People and organisations
- Head of state: Emperor Akihito
- Head of government: Shinzo Abe
- Member party: LDP–NKP Coalition
- Status in legislature: HoR: LDP-K Coalition supermajority HoC: LDP-K Coalition majority
- Opposition party: Democratic Party of Japan
- Opposition leader: Ichirō Ozawa

History
- Election: 2007 councillors election
- Legislature term: 172th National Diet
- Predecessor: Koizumi III
- Successor: Yasuo Fukuda

= First Abe cabinet =

90th Cabinet of Japan (2006–2007)

The First Abe cabinet governed Japan under the leadership of Prime Minister Shinzo Abe from September 2006 to September 2007. The government was a coalition between the Liberal Democratic Party and the Komeito and controlled both the upper and lower houses of the National Diet.The cabinet faced policy issues regarding government debts and the shrinking population.

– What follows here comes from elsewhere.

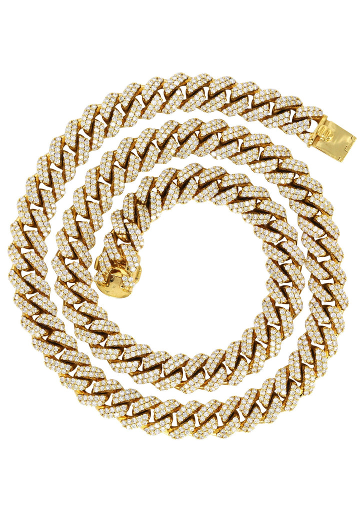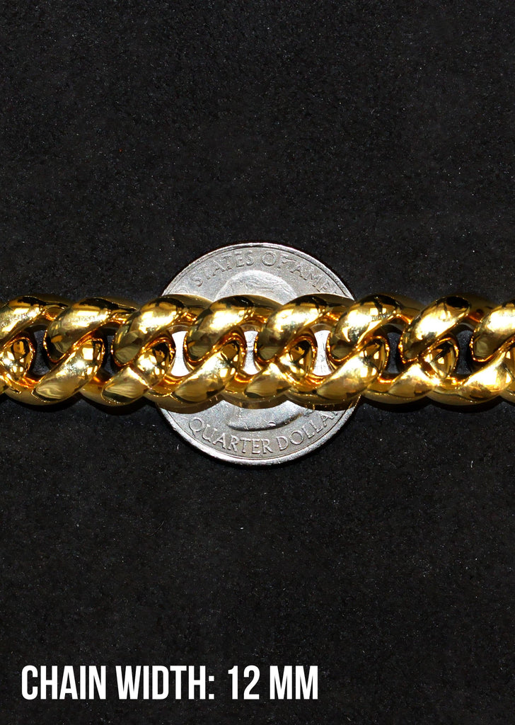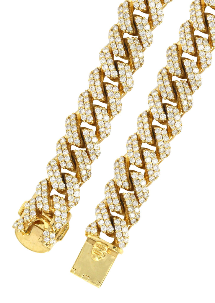 14K Iced Out Diamond Solid Miami Cuban Link Chain 12 Mm Width. You can pick your length above. Once you selected your length, you can see the adjusted gram weight above the price. The quality of the diamonds are VS Clarity and G/H Color.

At a joint press conference Hakuo Yanagisawa, who was appointed Minister of Health, Labour and Welfare, spoke to a number of issues including reform of the Social Insurance Agency, measures against the decline in the birthrate, the unification of the Employees Pension Plan and the Mutual Pension Plan for public servants, and revision of labor-related laws.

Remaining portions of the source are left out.